Mylce Mella with the 300 attendees from Manito National High School, Nagotgot High School, Manito Central School and the Community College of Manito

          Fake News.  It has divided nations, friends, and relatives.  It has gained traction with the growth of social media.

         How do we stem the tide, especially for young people in the rural areas?

          After living and teaching in the province for 3 years I've noticed young people here don't seem interested in fake news.  In fact a greater problem is they don't seem to care about news at all.

          I can't blame them.  They live in a community so far from the noise of Metro Manila.  They are mostly concerned with escaping poverty and acceptance from their peers than with issues like extra-judicial killings, martial law, and fake news.  There are no newspapers (national or local) in the entire town -- which is partly the reason why we started publishing a tri-lingual community newspaper, Manito's Time! with student volunteers.

          Last August however, hope sprang from Mylce Mella, TV host and broadcast journalist of  ABS-CBN Bicol Region.  I had no idea she was a celebrity when I invited her since  I don't have a TV.

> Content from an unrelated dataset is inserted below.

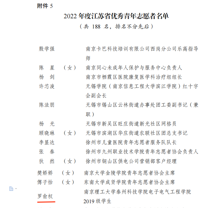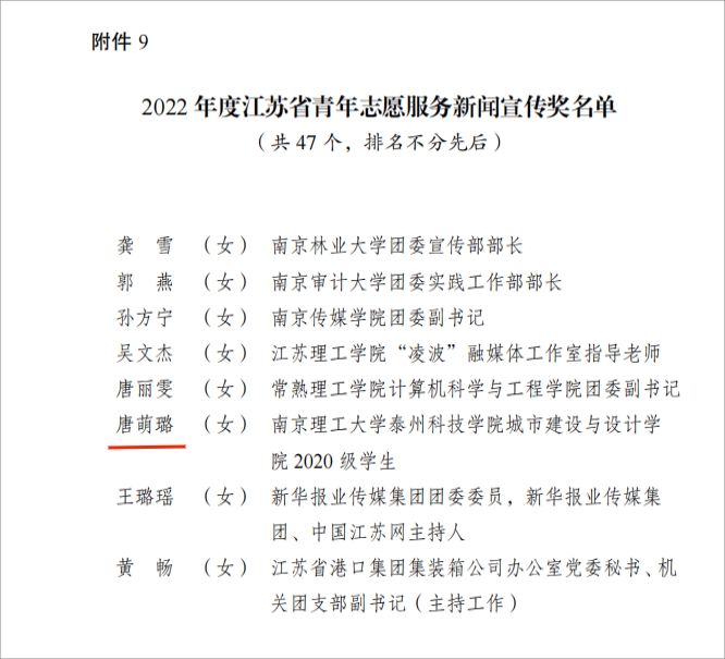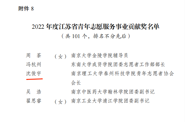 日前,共青团江苏省委、江苏省青年志愿者协会发布了2022年度江苏省青年志愿者行动评选结果,威廉希尔志愿服务工作获评多项省级荣誉,再创历史最好成绩!公司罗俞权同学被评为“江苏省优秀青年志愿者”;唐萌璐同学获得“江苏省青年志愿服务新闻宣传奖”;校青协负责人沈俊宇同学获得“江苏省青年志愿服务事业贡献奖”;学校组织开展的江苏省第二十届运动会志愿服务项目被评为“江苏省优秀青年志愿服务项目”。

          What excited me most was seeing public high school and community college students responding eagerly to a journalism seminar.  Never did it occur to me prior to that day that our youth can be engrossed in a seminar that included a topic on fake news.

Mylce Mella interacting with Cholyn Alcantara, one of our student volunteers, 

          Ms. Mella is not an entertainer, a singer, a model, nor an actress yet she was very popular among the community college and high school students.   We even had to limit registration to make sure we could all fit in our small function hall and balance maximum attendance with maximum learning.

          Not only did she capture their attention but she seemed to capture their imagination and excitement as well.  When you see young people saying "she's my idol"  referring to a broadcast journalist then you should be as floored as I am.  We expect that for movie stars and singers but not for a broadcast journalist.

          She taught us how to distinguish genuine from fake news.  I could hear students echo "look at the credibility of the source" and "verify the information..."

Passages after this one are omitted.